Starting on Monday, let’s walk through the week’s market action day-by-day.
Michael Sonnenshein, CEO of Grayscale and its GBTC closed-end bitcoin trust, tweeted the following bright and early to kick off the week:
Upon this news, GBTC’s discount to the fund’s net asset value rose to a level not seen since 2021 of -10.35% as investors priced in that his words could mean imminent approval of GBTC’s conversion into a spot ETF, potentially dragging all pending spot bitcoin ETF to approval as well:
Tuesday saw US consumer price inflation fall in October, going from 3.7% year-over-year price increases down to 3.2% YoY. Economists and leaders of the free world took this moment to celebrate, as per usual, with all of the pomp and enthusiasm of a 95-year-old’s birthday party, to boot.

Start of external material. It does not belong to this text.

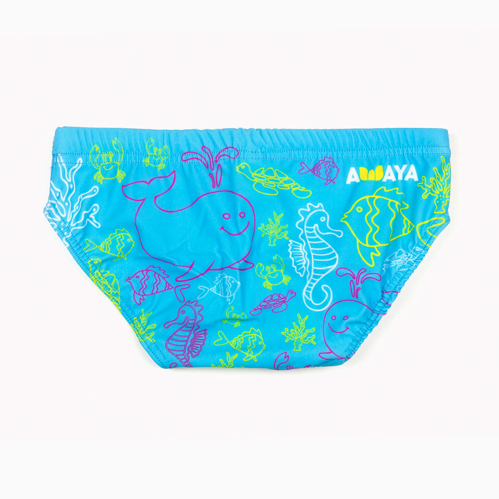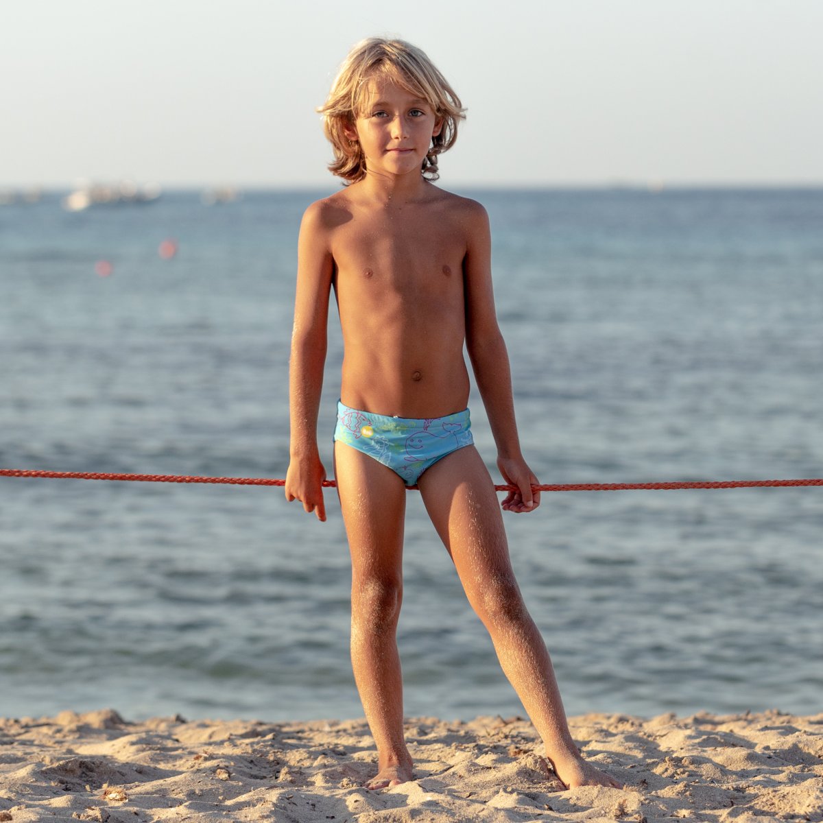 Slip nuoto bimbo comodo ed elastico, Tessuto anti-cloro. Il costume รฉ progettato per resistere all’uso giornaliero, anche in presenza di elevate quantitรก di cloro. Completamente foderato al suo interno per evitare trasparenze, e cuciture rinforzate per una maggiore durabilitรก.

The 2-year yield nuked in response, down 15 bps in the moments after the faster-than-expected slowdown in consumer prices. The 10-year yield also fell 15 bps given that in our consumer-oriented economy measured by spending, prices in decline mean less spending and therefore slower growth:
Auction truthers waxing on the end of the world due to last week’s horrific auction have been met with… the market pricing in rate cuts, and rates staying flat on the week. Doomsayers and soothsayers calling for a 7% two-year yield cannot beat the market’s prognosis in the face of swift disinflation: rate cuts. We are now seeing zero probability of any more hikes, coupled with the first rate cut arriving by May/June:
With CPI inflation making a swift fall last month, what’s still holding up the britches from falling past the economy’s ankles and down to the floor?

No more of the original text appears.